L’uccellaccio pestifero

Sembravano uccellacci del malaugurio e in effetti lo erano. Come ogni avvoltoio che si nutre di carogne e carcasse, così gli inquietanti medici del Seicento facevano piazza pulita quando venivano chiamati dai parenti disperati di un ammalato di peste. L’analogia tra l’uccellaccio e la maschera a becco che questi medici indossavano è evidente. Il dottore della peste si aggirava nelle città colpite dal morbo come un oscuro presagio. La “morte nera” – anche se il termine venne coniato per identificare l’epidemia nel Trecento – colpì duramente l’Europa nel diciassettesimo secolo. Si pensava fosse una maledizione di Dio o l’anticipo di una dannazione infernale. Anni dopo si scoprì che gli agenti principali del morbo non erano gli untori che pennellavano la malattia sulle porte delle case, quanto i ratti che giungevano nel Vecchio Continente erano veicoli della malattia.

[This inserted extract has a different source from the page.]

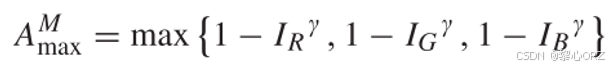 由于灰色世界假设忽略了波长相关的光吸收,它可能会引入一些不必要的颜色失真,因此,水下图像颜色校正还需要充分考虑波长相关性。为了准确估计波长相关衰减水平,考虑了不同的光衰减,并选择最大衰减图作为颜色转移的引导图像。最大衰减图可以表示为:其中γ是控制接收光强度的参数,γ的默认值设置为1.2

Ma quando i medici della peste operavano in tutta Europa l’attenzione non fu rivolta verso i sorci. Il misto di ignoranza e paganesimo trovava la sua conferma nel miscuglio di erbe, spezie e aromi che venivano infilate nella maschera dall’enorme naso adunco e che fungevano da filtro e quindi protezione dalla malattia bubbonica. Una maschera grezza e rudimentale che copriva il volto dei medici, vestiti con una lunga palandrana nera, guanti scuri e cappuccio. A cavallo tra il lungo becco bianco e gli occhi, delle lenti trasparenti. Caratteristica dei medici di allora, la lunga bacchetta che tastava il malato e alzava le coperte di un letto infettato dal morbo. Chi vedeva questo tetro personaggio addentrarsi nei luridi vicoli delle città afflitte dalla peste per curare un povero disgraziato, non stava tranquillo.

Considerato abbastanza grottesco, l’abito del medico della peste divenne in seguito una delle più importanti maschere del Carnevale veneziano. La Serenissima fu colpita dalla peste verso la metà del Cinquecento, ma tramite la figura del dottore stesso la tragedia sarebbe diventata una delle principali maschere carnevalesche veneziane. La festa gioiosa della città veneta ha imposto radicali modifiche a quello che è diventato il vero e proprio “costume del medico della peste”. Scarpe con fibbie dorate, calze chiare fino al ginocchio e pantaloni alla zuava bordeaux, camicia bianca e tunica scura, gorgera. E poi, ancora, la maschera dal becco adunco, in cartapesta bianca: non più simbolo di presagi tenebrosi di un infausto uccellaccio, ma di risate da Paese dei Balocchi.

Amedeo Gasparini

(Pubblicato su L’universo)

Pubblicato da Amedeo Gasparini

Amedeo Gasparini, class 1997, freelance journalist, managing “Blackstar”, amedeogasparini.com. MA in “International Relations” (Univerzita Karlova, Prague – Czech Republic); BSc in “Science of Communication” (Università della Svizzera Italiana, Lugano – Switzerland)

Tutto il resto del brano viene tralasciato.